“My uncle.” I climb out and pat the roof. “Don’t forget to send me those files.”
“See ya next week,” Matt says, lifting his hand.
Right. The championship game at Lion’s Head. I only just invited Margo, and it already evaporated from my mind. I guess Uncle David has that effect on me. Now I just have to hope he doesn’t drag me back to his house to teach me some lesson—how to properly inform your family of college choices, perhaps.
My mind is torn in two different directions. I walk into the house and search the first floor for any sign of my uncle, then go down the stairs. He’s leaning against my dresser, holding the picture I had taken from my house the same night I took Margo’s bracelet.
It’s the two of us as children, our arms hooked around each other’s necks. We were young and happy.
But judging from my uncle’s expression, he doesn’t care that it was a happy memory. He cares that it’sMargo Wolfe. The destroyer of our families.
She’ll never win in his eyes.
I used to think the same way. If Margo came back, I’d make her life a living hell. And for a while, I fed on that energy. She came back to Emery-Rose for senior year. But then she got under my skin, and she’s stayed there ever since.
It was my uncle who shaped my opinion of Margo. My uncle who poisoned me against her.
I should’ve known.
Uncle drops the frame to the floor and takes a deliberate step forward. The glass crunches under his heel.
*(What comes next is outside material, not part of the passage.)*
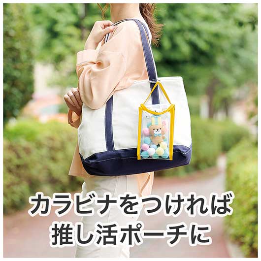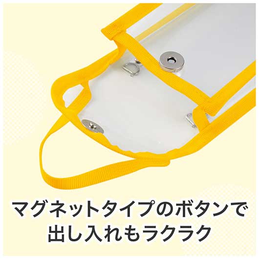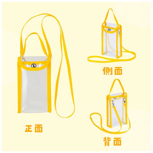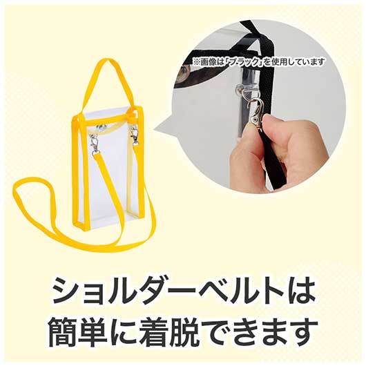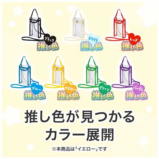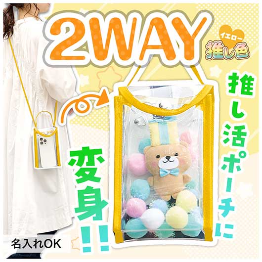 ショルダーバッグ・ポーチ、どちらでも使える便利な 2wayアイテムです。 付属のショルダーベルトは、どなたでも簡単に着脱可能。 ベルトを取り外せば、かわいいポーチになります。 スマホを携帯するのに便利な「スマホショルダー」として、 ショルダーベルトを外して、小型のぬいぐるみやアクリルスタンドを収納すれば、 「推し活」のマストアイテム「ぬいぐるみポーチ」として、 どちらの使い方でも大人気、幅広い需要が見込めるアイテムです。 PVC素材のクリア仕様なので、中身をおしゃれにアピール可能♪ フタ部分はマグネット式ボタンで、カンタン開閉。 マチが約4cmあり、スマホやミニぬいぐるみ以外にも、 お財布やモバイルバッテリー等、いろいろ入れられます。 「推し」の色にあわせられる、 ブラック・ホワイト・レッド・ブルー・イエロー・グリーン・パープルの7色展開! (本商品は「イエロー」です) 企業名・ショップロゴ・イメージキャラクター等の名入れも可能! PR効果抜群のオリジナルグッズが簡単に完成し、物販品としてもご利用いただけます。 他の「推し活」関連グッズも、是非あわせてご検討ください。

I cringe, but that’s all that slips out.
“I tried to warn you. But you just. Don’t. Listen.” He sighs. I can only imagine what goes through his head in times like these. How much does he want to throttle me, and how much does he care? “People are buying your car accident story?”
I jerk my head in some form of a nod, but I don’t trust myself to speak just yet.
“Good, good,” he muses. “I received an interesting phone call tonight.”
I raise an eyebrow.
“Receptionist at Hutchins’ law firm. He cleared out?” He eyes me. “Why is he running?”
I shake my head. “Something spooked him.”
“Obviously. Who?”
The last person I’m going to name is Margo. “Maybe my mother?”
He stills. “Why’s that, Caleb?”
I lift one shoulder. “You’ll have to ask her.”
He stares. Upstairs, the front door slams, and Mr. Black’s voice calls out for me and Eli. I move out of the way of the stairs, my expression wary. He can’t do anything with Mr. Black here, right?
There’s a layer of protection embedded in being around adults who would act.
My best friend’s father definitely qualifies.
“I’ll see you for dinner next week,” my uncle says.
He straightens his tie and brushes past me, his shoes grinding the bits of broken glass into the carpet. And then he’s gone, without a word to Eli’s father, and I sag against the wall.
Chapter 30
Margo
The portrait of Caleb is half completed, and I’m running out of time to finish it. December has arrived, which means the due date is quickly approaching. It’s starting to resemble him, although it’s missing his eyes and lips. The two most defining features, and…difficult. I’ve been hemming and hawing over how exactly to do it.